Missing Value Prediction (MVP)

Test Data Normaliized RMSE

For evalaution, we apply row-wise splitting, and we use 30% holdout data to test.

Dataset Partial
VAE
VAEM Predictive
VAEM
MNAR
Partial
VAE
B-PVAE Mean
imputing
Zero
imputing
Min
imputing
Majority
vote
MICE MissForest
Bank 0.51 0.66 0.56 -- -- -- -- -- 0.51 -- --
Boston 0.17 0.18 -- -- 0.18 0.23 -- -- 0.37 -- 0.15
Conrete 0.18 0.19 -- -- -- 0.22 -- -- 0.27 -- 0.13
Energy 0.22 0.32 -- -- 0.25 0.35 -- -- 0.48 -- 0.24
Iris 0.59 -- -- -- -- -- -- -- -- -- --
Kin8nm 0.27 -- -- -- -- -- -- -- -- -- --
Wine 0.17 0.17 -- -- -- 0.24 -- -- 0.31 -- 0.17
Yacht 0.24 0.23 -- -- -- 0.3 -- -- 0.3 -- 0.16
Yahoo 0.36 -- -- 0.3 -- -- -- -- -- -- --

Accuracy

Please note that for binary data (e.g. eedi_task_3_4_binary), we report accuracy to compare with the literature.

Dataset Partial
VAE
VICause CORGI GRAPE GCMC Graph
Convolutional
Network
Graph
Attention
Network
GRAPHSAVE
eedi_task_3_4_binary 0.72 -- 0.71 0.71 0.69 0.71 0.6 0.69
eedi_task_3_4_categorical 0.57 -- -- -- -- -- -- --
eedi_task_3_4_topics 0.71 0.69 -- -- -- -- -- --
Neuropathic_pain 0.94 0.95 -- -- -- -- -- --

Next Best Question (NBQ): area under information curve (AUIC)

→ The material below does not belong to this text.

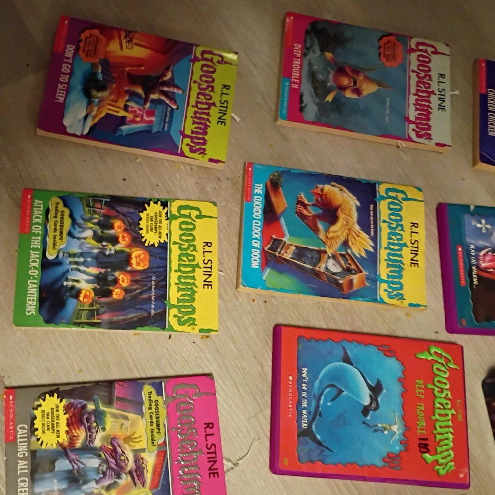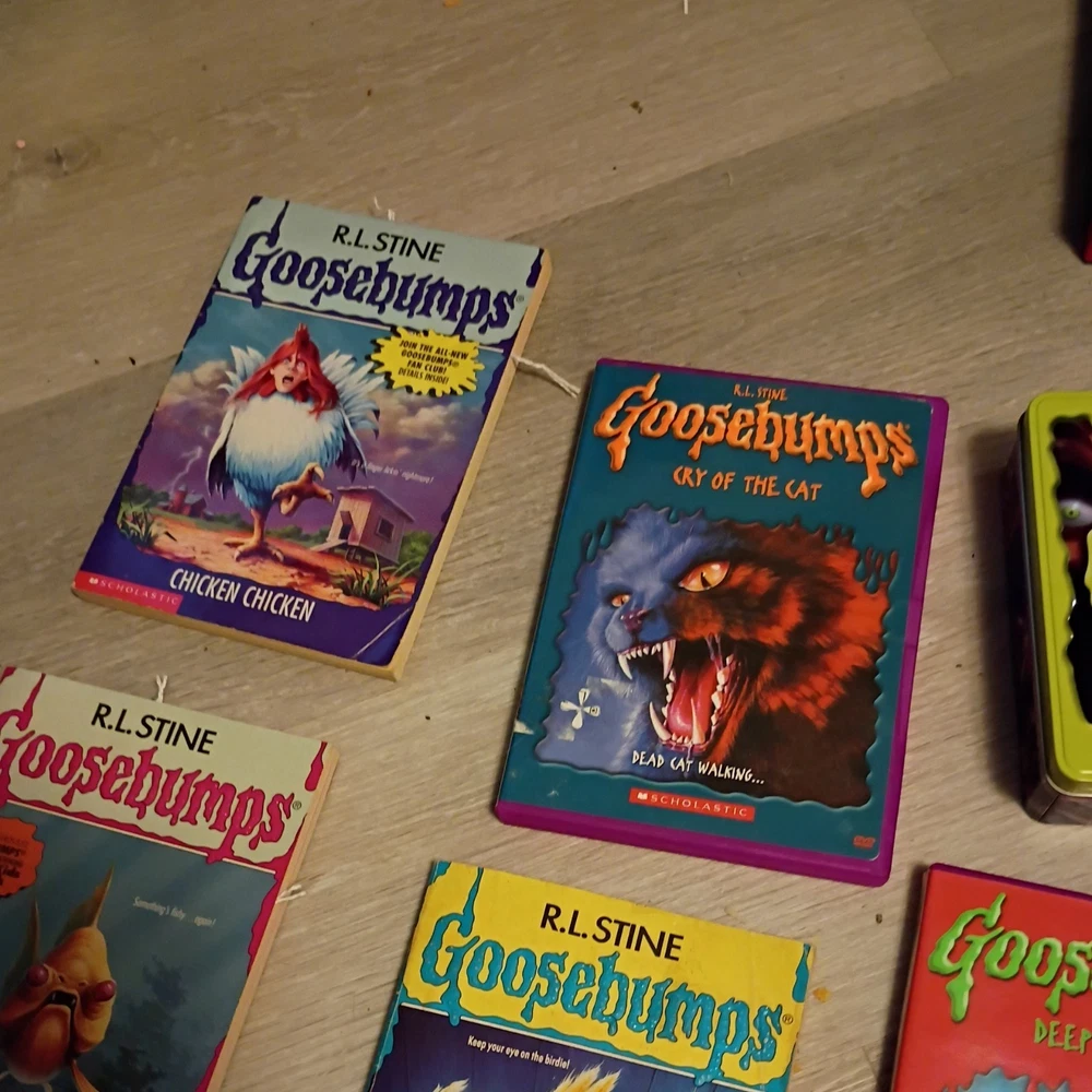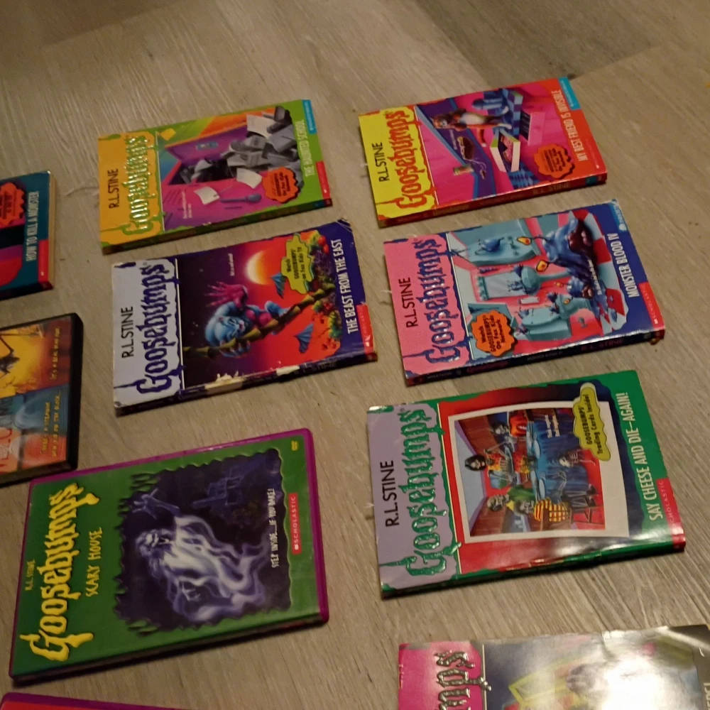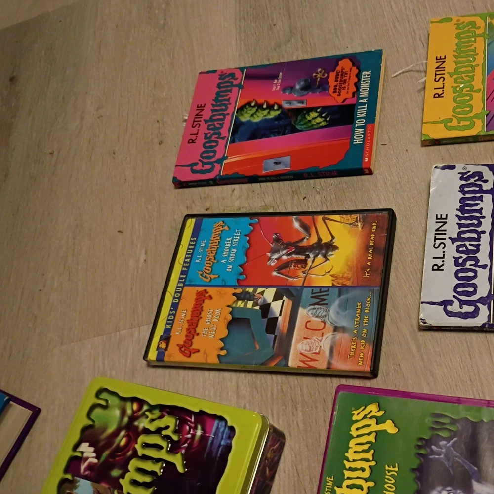you get my best friend is invisible, the haunted school, the beast from the east, monster blood 4, say cheese and die again calling all creeps, attack of the jack-o'-lanterns, don't go to sleep, deep trouble too hard to find rare, chicken, how to kill a monster, and then the collection monster edition number 3 which will be pictured the books are an amazing condition the Cuckoo clock of Doom is a little rough there's a few bins but overall the covers look great the spines look great DVDs all look really pretty good they are untested but the two pack looks pretty good playable for sure step inside if you dare scary house DVD looks good the deep trouble one however is a little scratched up and I don't think it will play and then cry the cat is a little scratched but looks good you also get the large book 10 Goosebumps which is hard to find as well get these all together somewhere else you can't this is a heck of a bundle with rare books

To evaluate the performance of different models for NBQ task, we compare the area under information curve (AUIC). See our paper for details. AUIC is calculated as follows: at each step of the NBQ, each model will propose to collect one variable, and make new predictions for the target variable. We can then calculate the predictive error (e.g., rmse) of the target variable at each step. This creates the information curve as the NBQ task progresses. Therefore, the area under the information curve (AUIC) can then be used to compare the performance across models and strategies. Smaller AUIC value indicates better performance.

Dataset Partial
VAE
VAEM Predictive
VAEM
MNAR
Partial
VAE
B-PVAE
Bank 6.6 6.49 5.91 -- --
Boston 2.03 2.0 -- -- 1.96
Conrete 1.48 1.47 -- -- --
Energy 1.18 1.3 -- -- 1.44
Iris 2.8 -- -- -- --
Kin8nm 1.28 -- -- -- --
Wine 2.14 2.45 -- -- --
Yacht 0.94 0.9 -- -- --

Causal discovery (CD)

We procide F1 score for adjacency and orientation to measure the causal discovery results. Please refer to VICause paper for details.

Dataset VICause
Adjacency.F1 Orientation.F1
Neuropathic_pain 0.28 0.26
Synthetic_relationships 0.82 0.47

5. Model details

5.1 Partial VAE

Model Description

Partial VAE (PVAE) is an unsupervised deep generative model, that is specifically designed to handle missing data. We mainly use this model to learn the underlying structure (latent representation) of the partially observed data, and perform missing data imputation. Just like any vanilla VAEs, PVAE is comprised of an encoder and a decoder. The PVAE encoder is parameterized by the so-called set-encoder (point-net, see our paper for details), which is able to extract the latent representation from partially observed data. Then, the PVAE decoder can take as input the extracted latent representation, and generate values for both missing entries (imputation), and observed entries (reconstruction).

The partial encoder

One of the major differences between PVAE and VAE is, the PVAE encoder can handle missing data in a principled way. The PVAE encoder is parameterized by the so-called set-encoder, which will process partially observed data in three steps: 1, feature embedding; 2, permutation-invariant aggregation; and 3, encoding into statistics of latent representation. These are implemented in feature_embedder.py, 'point_net.py', and encoder.py, respectively. see our paper, Section 3.2 for technical details.

Model configs

  • "embedding_dim": dimensionality of embedding (referred to as e in the paper) for each input to PVAE encoder. See our paper for details.
  • "set_embedding_dim": dimensionality of output set embedding (referred to as h in the paper) in PVAE encoder. See our paper for details.
  • "set_embedding_multiply_weights": Whether or not to take the product of x with embedding weights when feeding through. Default: true.
  • "latent_dim": dimensionality of the PVAE latent representation
  • "encoder_layers": structure of encoder network (excluding input and output layers)
  • "decoder_layers": structure of decoder network (excluding input and output layers)
  • "non_linearity": Choice of non-linear activation functions for hidden layers of PVAE decoder. Possible choice: "ReLU", "Sigmoid", and "Tanh". Default is "ReLU".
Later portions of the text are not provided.